Whenever I have the opportunity, I attend a live performance by Gil Shaham. His concerts are reliably musical, programmed intelligently and, generally, flawless. I have been following his career for over 15 years now – attending one of his recitals has the air about it of catching up with an old friend.
For this Atlanta-area recital on February 16th, Gil partnered with his pianist sister, Orli. The pair have recorded Mozart’s entire piano & violin literature for video, so they eased comfortably into the evening with the K. 306 Sonata in D major. At the conclusion of the piece, Orli rose from the piano and addressed the sold-out audience with her familiar voice.
Familiar because since 2006, Orli has been the host of the entertaining but much too short NPR classical music segment entitled “Dial-A-Musician,” in which she calls up her musician frends while on the air and asks them questions such as “Why do the musicians in the string section bow in the same direction at the same time?” The fresh take on such mundane queries is fueled by Ms. Shaham’s obvious love of the subject matter and enthusiasm for sharing it with others. That spirit was clearly in evidence as she described the imagery and purpose behind the Faure and Szymanowski pieces that ended the first half of the program. She attempted to engage her brother into the presentation, but he would merely nod and smile, allowing her to work the crowd as effectively as she does with millions weekly on the radio.
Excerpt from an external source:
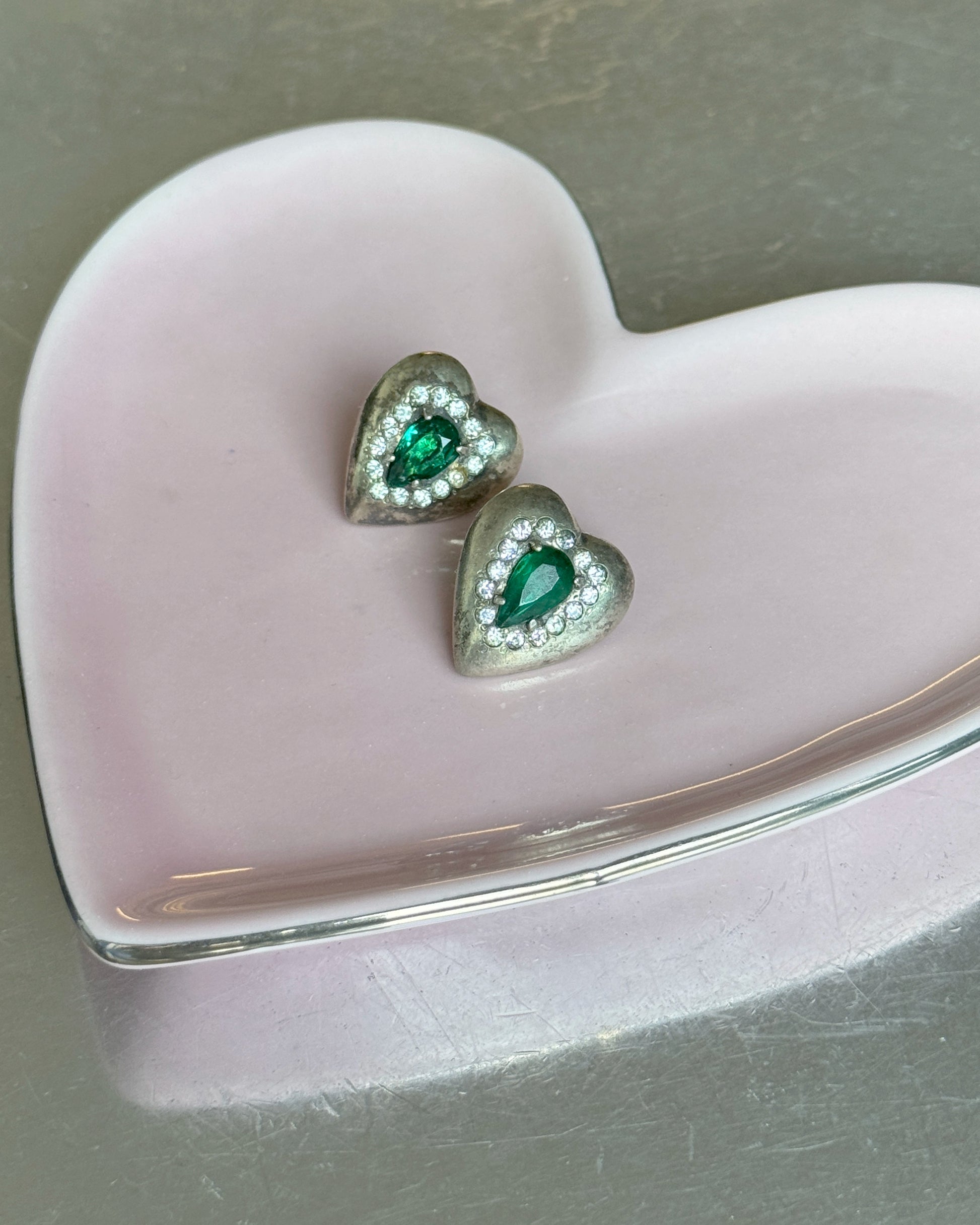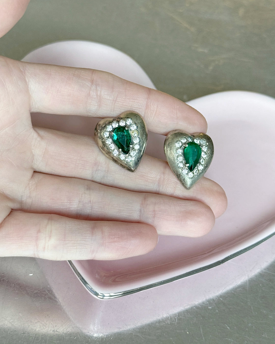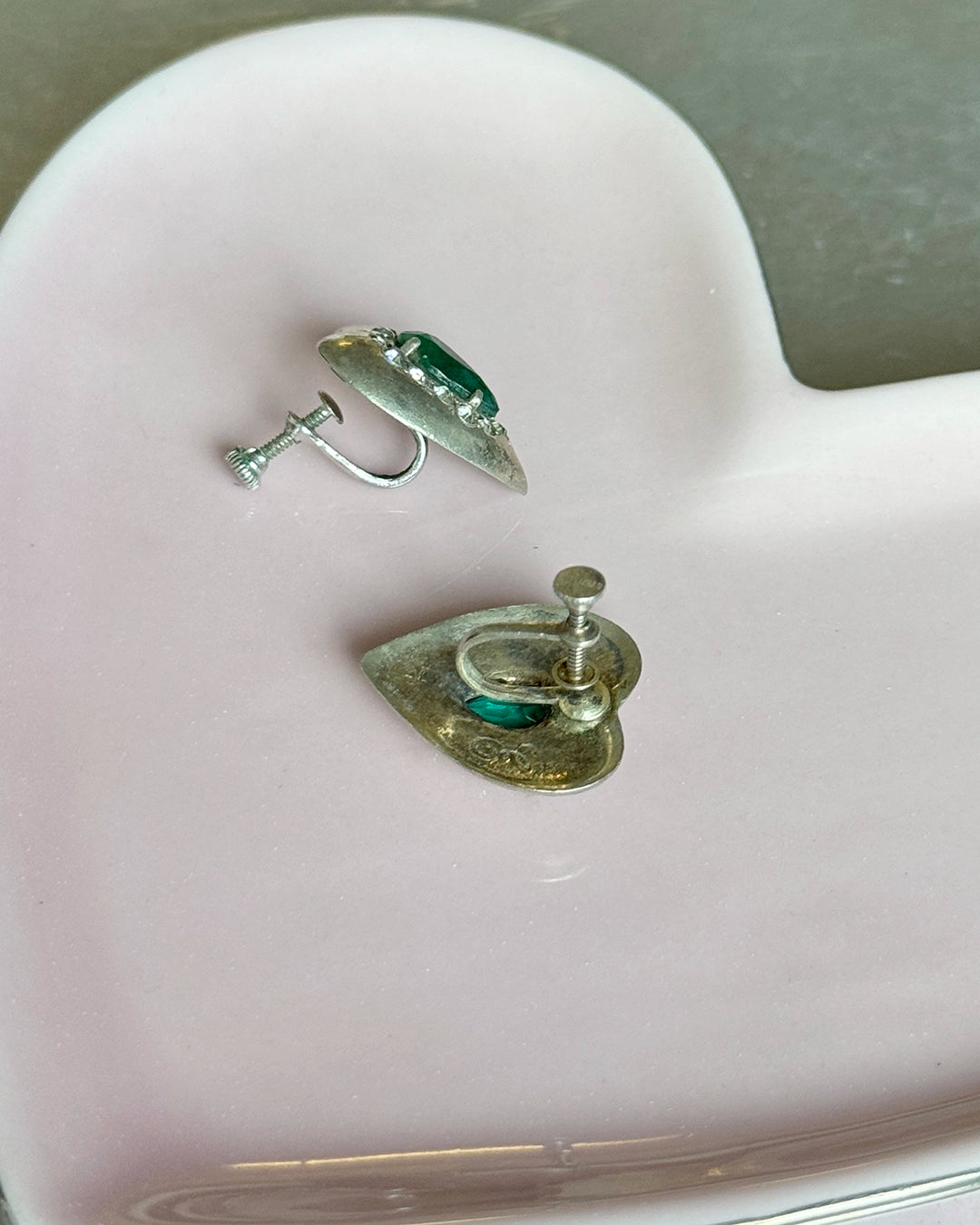 These antique 1920s Art Deco sterling silver heart earrings are a timeless heirloom-worthy jewel, and an amazing gift! They are crafted of sterling silver and set with emerald glass stones, with a halo of smaller colorless crystals. They are finished with a screw-back clip on closure; this type of vintage screw back is my favorite because it truly feels like nothing on the ear, and is so comfortable for extended periods of time, yet remains remarkably secure. (Vintage clip-ons are so much more comfortable and secure to wear compared to their modern counterparts, largely due to the quality and thought that went into their hand-made construction.) Hallmarked "STERLING" and signed with the letter "E." They measure 22 mm total length x 19 mm at widest point.

The second half of the program was a workout of timing and finesse. The jagged lines of the Bartok were complemeted by the singing melodies and rhythms of the Prokofiev Second Sonata, a piece that Gil and Orli have had in their performing repertoire for several years.
You can tell the true acoustic of a performance space by how good the applause sounds: at the close of the Prokofiev Sonata, Spivey Hall was filled with the enthusiastic and thunderous pealing of hand claps, the sound clear and invigorating. The pair played one encore in acknowledgement, introduced by Gil in a rare spoken moment as Faure’s setting of “Clair de lune.”